▸ Task brief:
Would you write out the full listing exactly, without any pictures?

▸ Material provided:
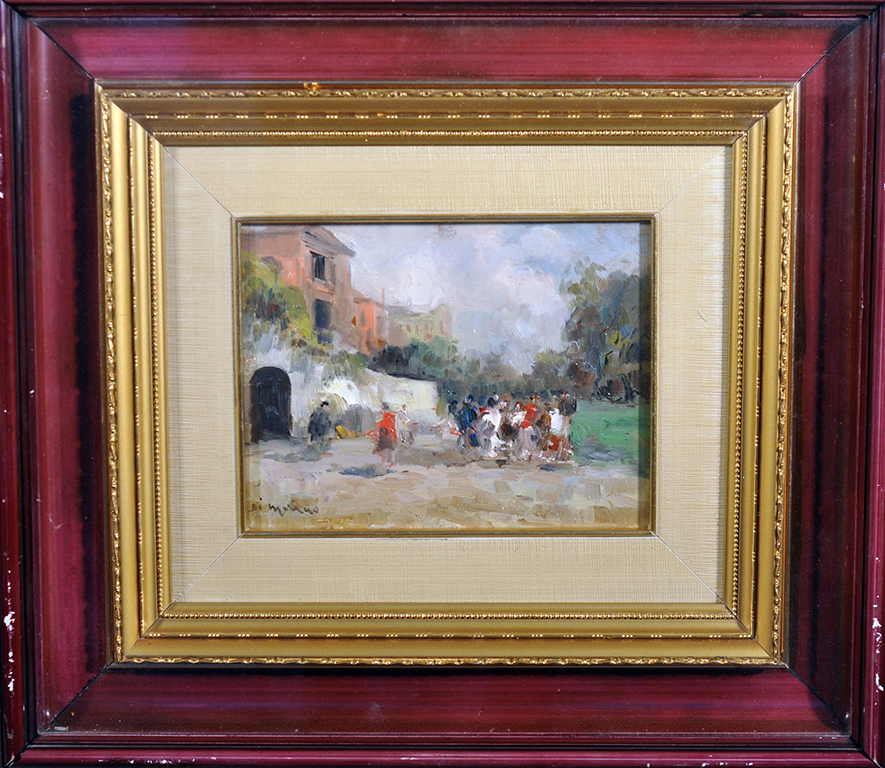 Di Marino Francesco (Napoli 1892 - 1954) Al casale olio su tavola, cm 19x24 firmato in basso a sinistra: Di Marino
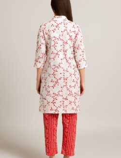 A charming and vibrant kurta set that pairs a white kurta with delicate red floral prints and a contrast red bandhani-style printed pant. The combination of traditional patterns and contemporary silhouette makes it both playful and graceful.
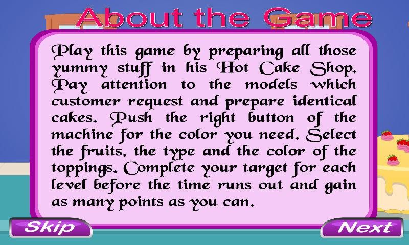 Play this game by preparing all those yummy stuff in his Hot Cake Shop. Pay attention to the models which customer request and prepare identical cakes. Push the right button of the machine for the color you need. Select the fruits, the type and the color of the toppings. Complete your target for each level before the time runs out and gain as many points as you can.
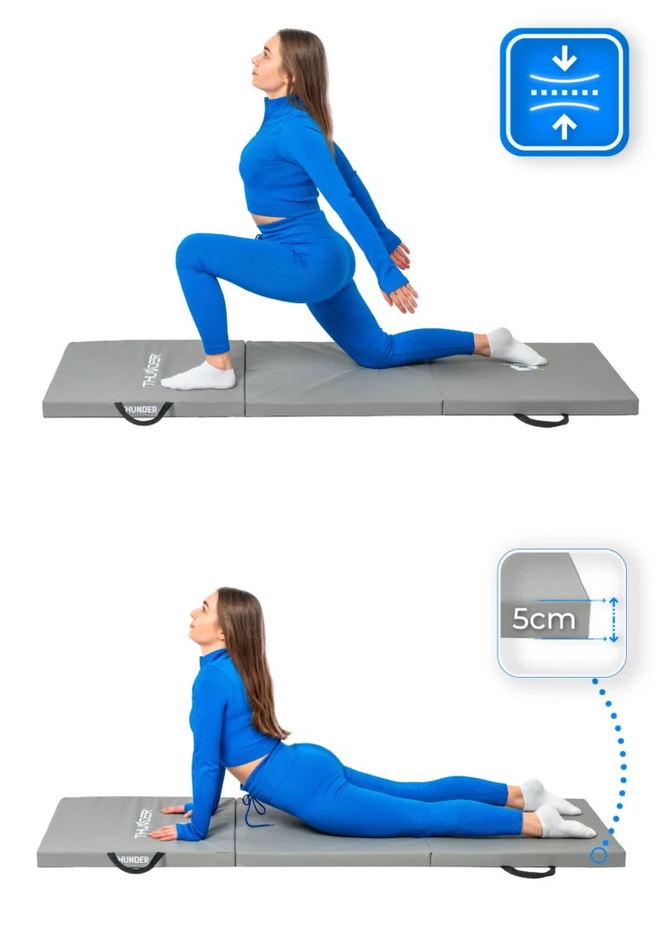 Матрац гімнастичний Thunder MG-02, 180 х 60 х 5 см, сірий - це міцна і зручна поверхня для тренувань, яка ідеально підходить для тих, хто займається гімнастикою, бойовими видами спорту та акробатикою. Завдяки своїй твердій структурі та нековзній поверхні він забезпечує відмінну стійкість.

▸ Answer box:
 Di Marino Francesco (Napoli 1892 - 1954) Al casale olio su tavola, cm 19x24 firmato in basso a sinistra: Di Marino
 A charming and vibrant kurta set that pairs a white kurta with delicate red floral prints and a contrast red bandhani-style printed pant. The combination of traditional patterns and contemporary silhouette makes it both playful and graceful.
 Play this game by preparing all those yummy stuff in his Hot Cake Shop. Pay attention to the models which customer request and prepare identical cakes. Push the right button of the machine for the color you need. Select the fruits, the type and the color of the toppings. Complete your target for each level before the time runs out and gain as many points as you can.
 Матрац гімнастичний Thunder MG-02, 180 х 60 х 5 см, сірий - це міцна і зручна поверхня для тренувань, яка ідеально підходить для тих, хто займається гімнастикою, бойовими видами спорту та акробатикою. Завдяки своїй твердій структурі та нековзній поверхні він забезпечує відмінну стійкість.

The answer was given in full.